Face à ces opérations entachées d’irrégularités, Joanna et Jérôme nous emmènent voir plusieurs zones déjà déboisées. Chaque défrichement est documenté, photos à l’appui, en vue de constituer des preuves pour un futur référé-suspension porté par France Nature Environnement 74. Mais les deux opposants veulent aussi montrer tout ce qu’il reste à sauver. L’emprise totale du chantier est d’au moins 177 hectares, dont 70 de terres agricoles et 56 hectares de zones humides. Le Conseil national pour la protection de la nature a émis un avis défavorable à ce projet.

« Là, on est sur une parcelle qui sert à produire du lait pour le Reblochon », lâche l’homme longiligne, portant un t-shirt de la Confédération paysanne, syndicat agricole dont il est élu. En raison de l’humidité naturelle de ces sols, l’herbe est encore verte malgré l’été caniculaire qui se prolonge. « Cette ferme est l’une des plus impactées, elle va perdre 15 hectares. Ces espaces-là devraient être conservés avec les sécheresses à venir », alerte-t-il. Ici, l’échangeur de Perrignier, l’un des trois de l’A412, pourrait bientôt faire partie du paysage.
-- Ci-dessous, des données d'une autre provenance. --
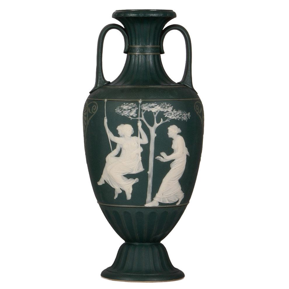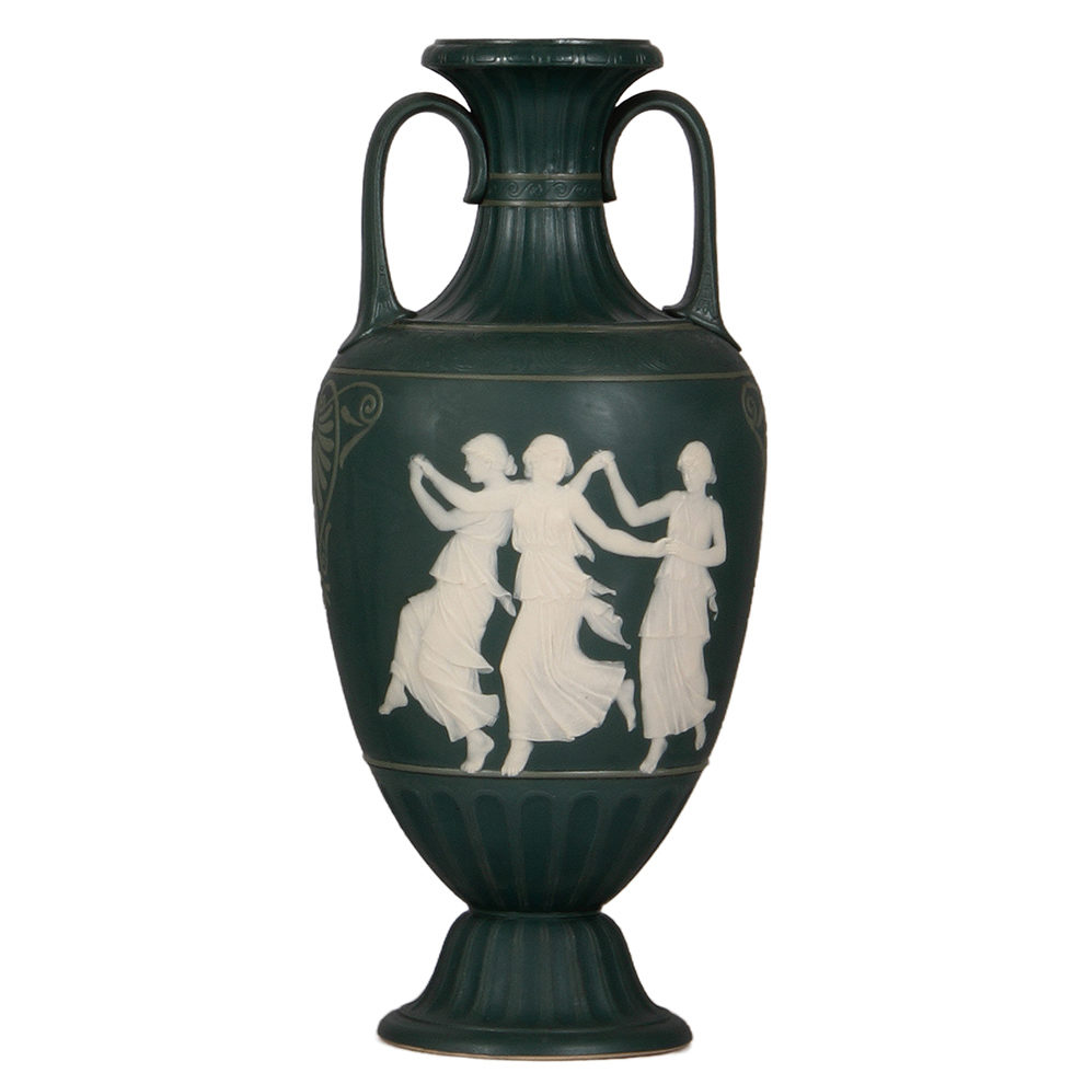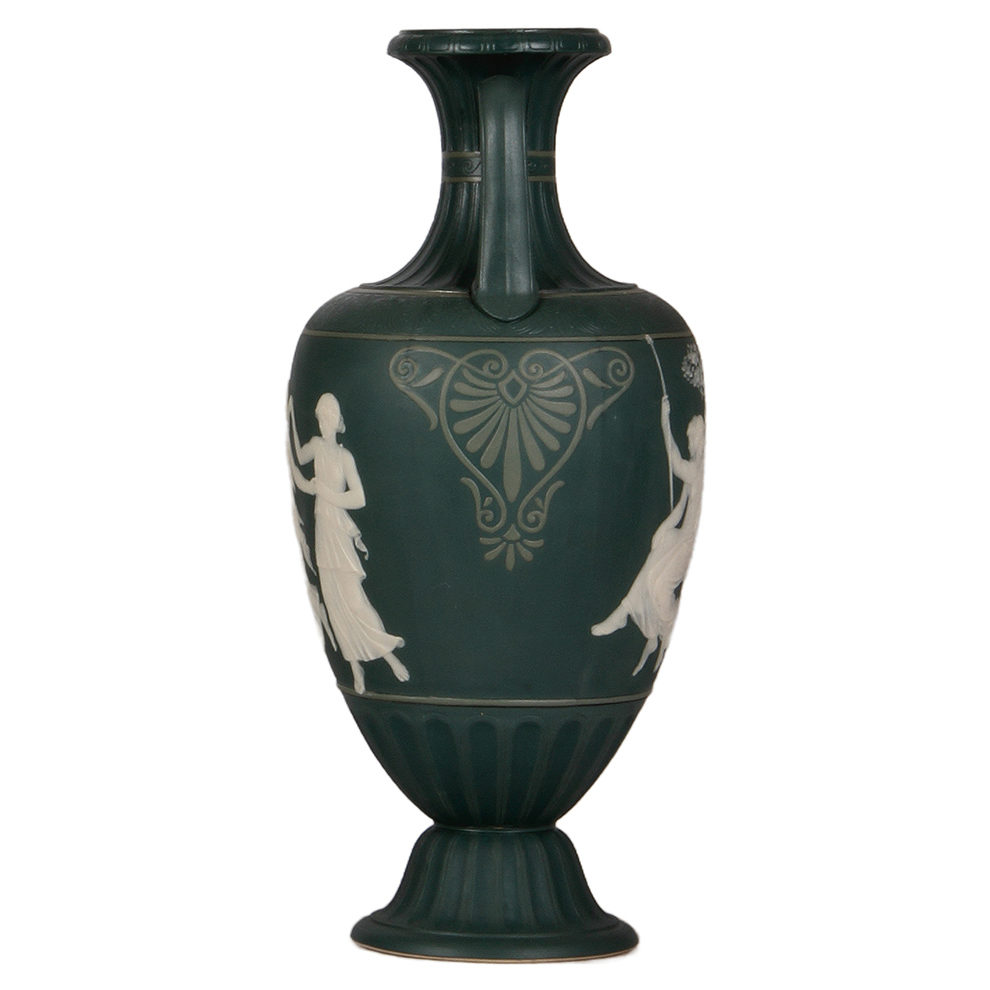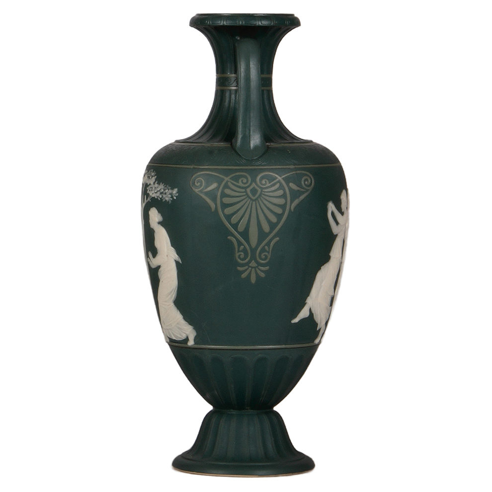 Mettlach vase, 14.6″ ht.,7057, phanolith, mint.
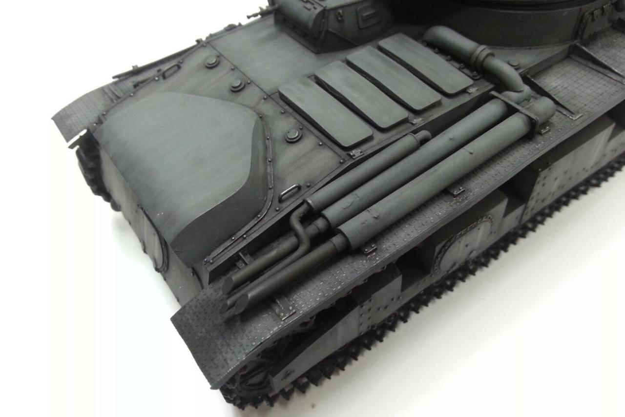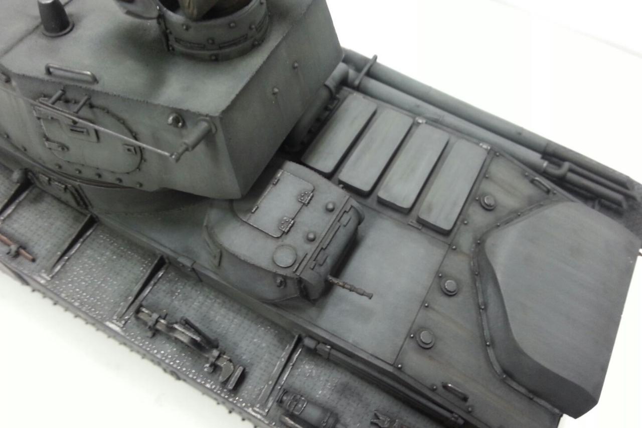 무척이나 어려웠습니다. 그래서 적지 않은 금액임에도 불구하고 출혈을 각오하고 집에 데려 온거지요 ^^. 실차 자체가 실전에 투입된적이 없는 차량인지라 도색의 컨셉은 최대한 "깨끗하게 더럽히기" 로 정하여 진행했습니다. 기본 도색을 할 때 한 번 떨어뜨려서 레진이 깨진 부분과 말실된 부품이 있지만 별로 티가 안나서 그냥 넘어가고 치핑은 생략하고 무채색인 Humbrol Tank Grey 에 명암을 강조하는 방향으로 웨더링했는데, 완성 후 이 녀석을 바라보니 감회가 새롭네요 ^^;:

« Là, on est sur une parcelle qui sert à produire du lait pour le Reblochon »
Non loin de Bons-en-Chablais, dans la forêt parsemée de zones humides de Planbois qui se trouve elle aussi sur le tracé, on croise deux habitants en quête de champignons. L’un découvre que ses coins à cèpes sont officiellement menacés :
« Qu’est-ce qu’on peut faire ?
— Il faut se battre !, lui répond Joanna. Être sur le terrain, faire un don à la lutte, en parler autour de vous, comprendre que ce qui se passe est illégal… »
L’année dernière dans cette clairière, un opposant avait jeûné pendant 412 heures pour protester contre l’autoroute, raconte le journal Le Messager. Quelques poèmes et dessins en hommage aux lieux sont accrochés aux branches. « De la résistance silencieuse », s’émeut Jérôme Dethes.